Firm conclusions cannot be drawn from this study as a number of the assessments described here were exploratory analyses performed on a post hoc basis subsequent to the initial, prospectively planned, primary efficacy analysis, and thus must be interpreted as such. Furthermore, the trial was not designed to be powered to detect an effect of a specific region, race or ethnicity; the small numbers of patients in each subgroup do not allow these findings to be generalized to the larger population of patients with LN.
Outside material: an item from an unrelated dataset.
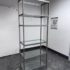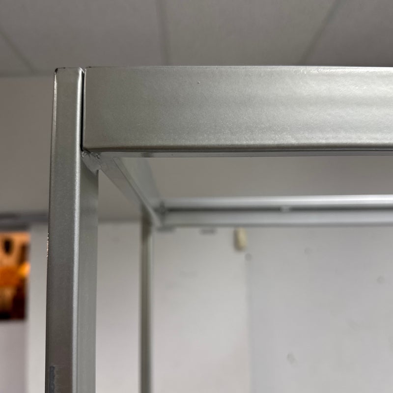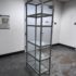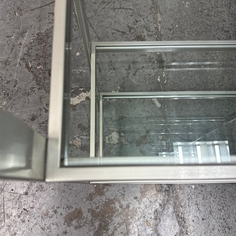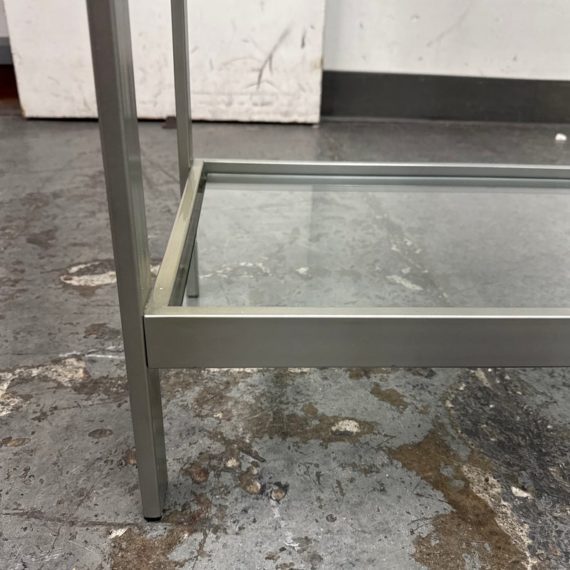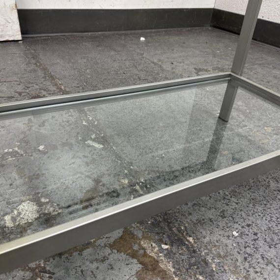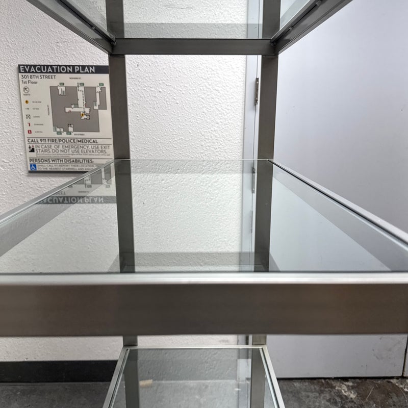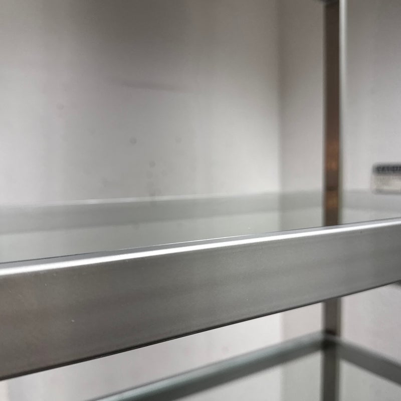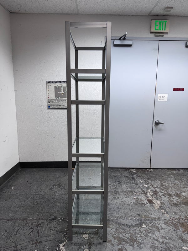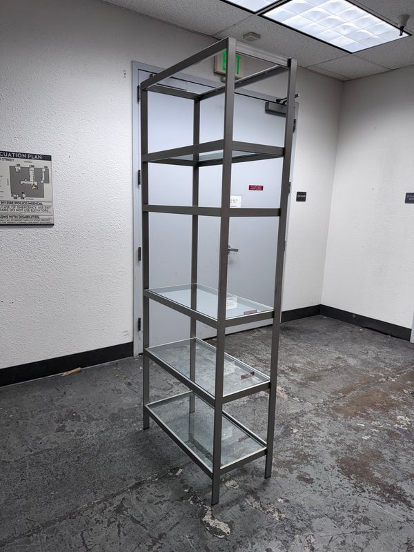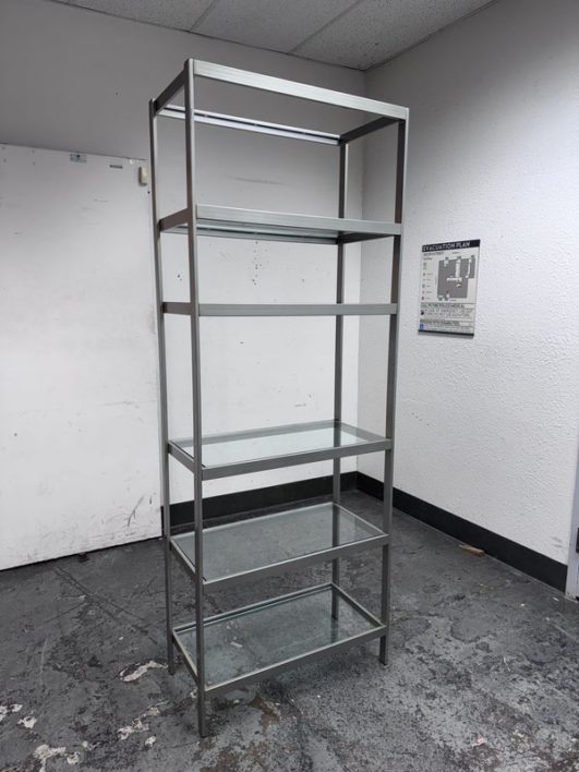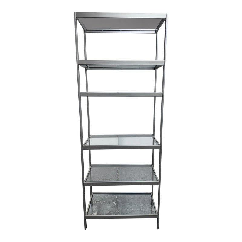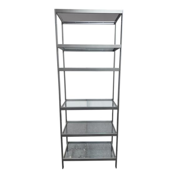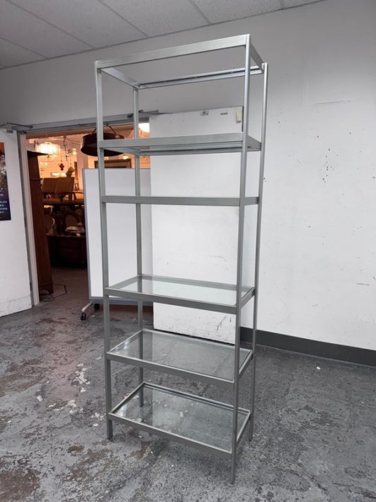 Design Plus Gallery presents a Glass Shelved Bookcase.. The frame is made of stainless steel that offers a smooth, practical and commercial friendly storage solution. The shelves are removable and tempered glass, five total. Is in good condition with minimal wear for its use + age.

Also, due to the complex nature of the relationship between race, ethnicity and geographical region, we cannot distinguish between these factors in terms of importance. Designations of race and ethnicity are often arbitrary (and in this study, self-reported) and heterogeneous [31
], and there can be notable differences in clinical, prognostic and socio-economic features, education and access to medical care within a geographical region [32
]. Further, these categories are not discrete, and the overlap of races and ethnicities may have masked differences in response among these groups. In spite of the attempt to standardize the management of LN across regions by strict trial monitoring, differences in treatment response were observed in Latin America compared with the other regions. Although the role of some socio-economic factors can be reduced in a clinical study, they cannot be removed entirely, and their differentiation from genetic factors remains a challenge.
Other factors that were uncontrolled in this study may have been a source of bias, such as regional differences in prior immunosuppressive drug use. For example, patients who had received previous IVC therapy might have been less likely to respond to IVC in ALMS. As details on prior therapy were not collected, it is not clear whether this potential source of bias contributed, for example, to the difference in IVC response seen across regions.
Another limitation may have been the 24-week induction period, which may have been too short to differentiate between the treatments. The duration of this induction phase was comparable with that of previous studies, however [15
], and further data will be collected during the ongoing maintenance phase.
In conclusion, exploratory findings from this large, international study indicate that although MMF and IVC are of similar efficacy, race, ethnicity and geographical region may be important factors in response to treatment among patients with LN. More patients from the Black and Hispanic groups appeared to respond to MMF than IVC, and more patients from the Asian group withdrew from MMF than IVC treatment. However, due to the complex nature of the relationship between race, ethnicity and geographical region, we cannot distinguish between these factors in terms of importance. Nonetheless, the ALMS data provide some valuable insights regarding the interaction of these factors.